Reproduce each line below precisely. Drop the pictures.

##### RAW DATA

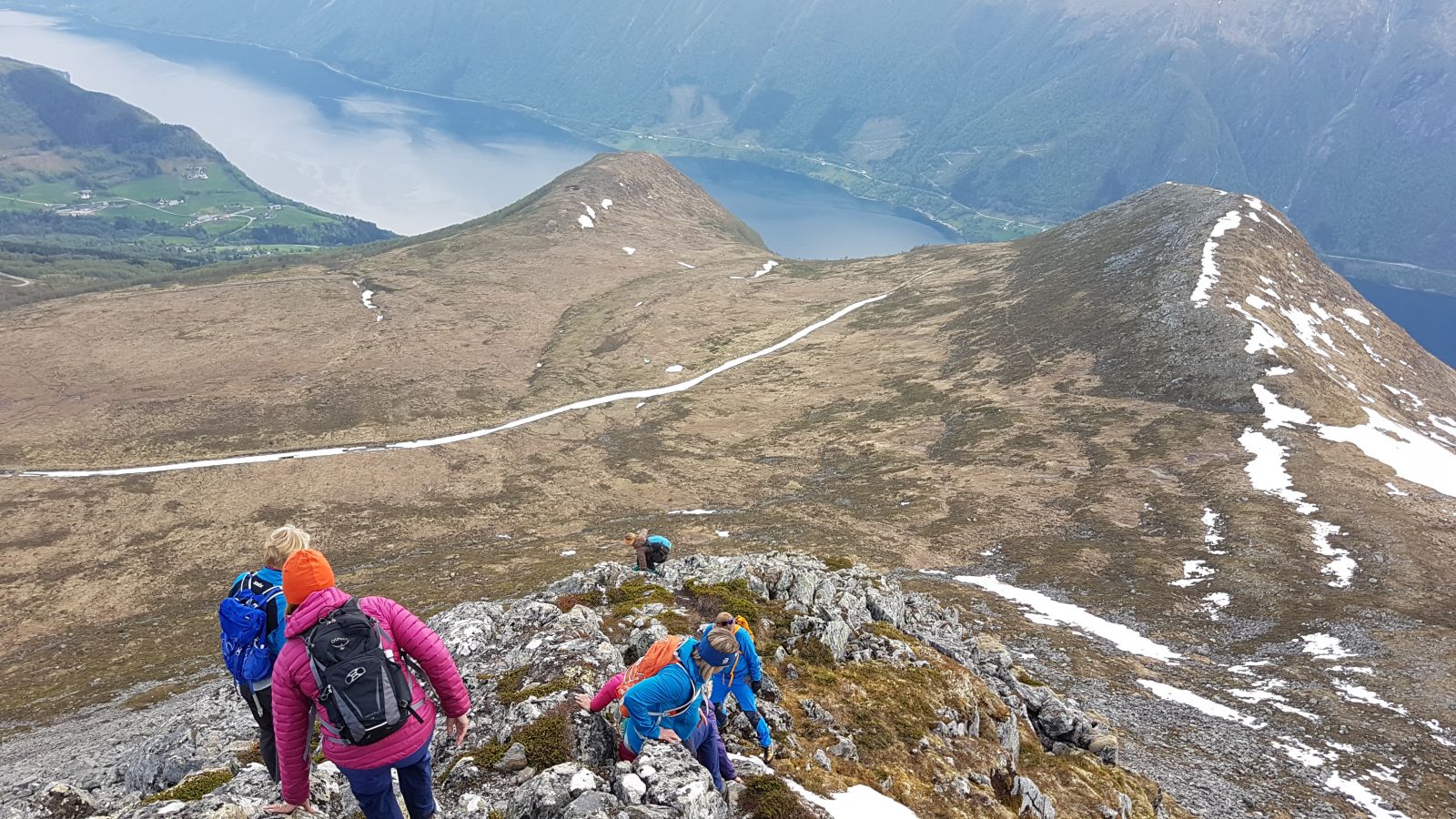 Returen går ned langs ryggen mot vest. Litt bratt nedstiging, men stien er tydeleg og god. Når du er nede frå ryggen og det ikkje lenger er sti, siktar du deg inn mot ei tydeleg langsgåande grøft. Det går ein god sti/veg langs denne grøfta og tilbake til start.
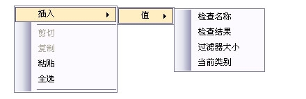 窗口上方是一个标准的所见即所得 HTML 编辑器。 下方正文部分用于输入文字、图像、超链接、表格和详细信息,以帮助用户找到给定检查失败的原因。 带 % 符号的区域是“动态文字”。 使用动态文字时,将在“结果浏览器”中将其替换为实际检查值。 在正文部分单击鼠标右键,然后从“插入”弹出型按钮中选择动态文字,即可添加动态文字:
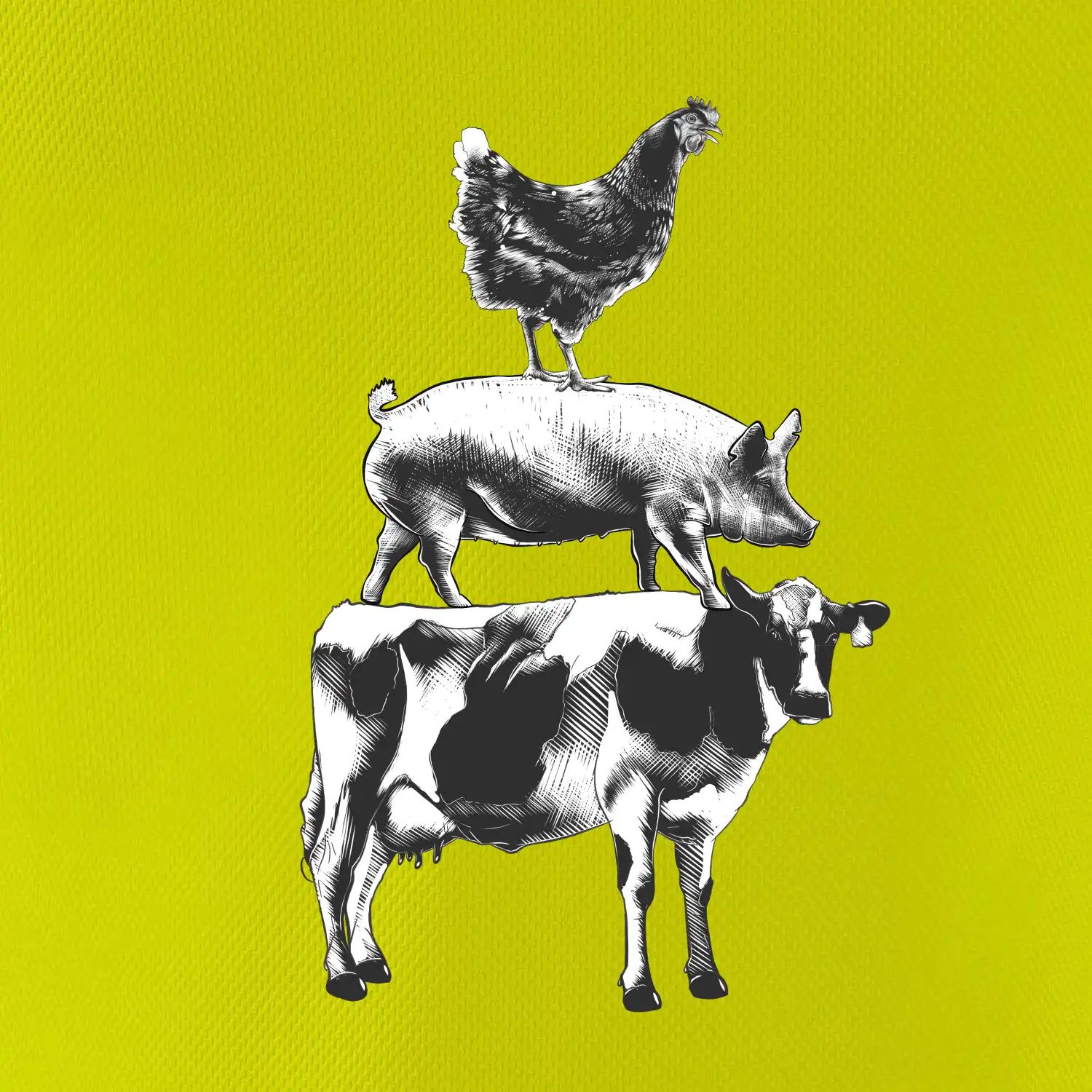 Tričko so sliepkou, prasaťom a kravou je tričko pre správneho farmára. Ak si aj Ty jeden z nich, tak toto tričko je presne pre Teba! Tento a mnoho ďalších designov nájdeš jedine u nás. Vhodné ako darček pre mäsiara.

##########

## FINISHED EXERCISE
 Returen går ned langs ryggen mot vest. Litt bratt nedstiging, men stien er tydeleg og god. Når du er nede frå ryggen og det ikkje lenger er sti, siktar du deg inn mot ei tydeleg langsgåande grøft. Det går ein god sti/veg langs denne grøfta og tilbake til start.
 窗口上方是一个标准的所见即所得 HTML 编辑器。 下方正文部分用于输入文字、图像、超链接、表格和详细信息,以帮助用户找到给定检查失败的原因。 带 % 符号的区域是“动态文字”。 使用动态文字时,将在“结果浏览器”中将其替换为实际检查值。 在正文部分单击鼠标右键,然后从“插入”弹出型按钮中选择动态文字,即可添加动态文字:
 Tričko so sliepkou, prasaťom a kravou je tričko pre správneho farmára. Ak si aj Ty jeden z nich, tak toto tričko je presne pre Teba! Tento a mnoho ďalších designov nájdeš jedine u nás. Vhodné ako darček pre mäsiara.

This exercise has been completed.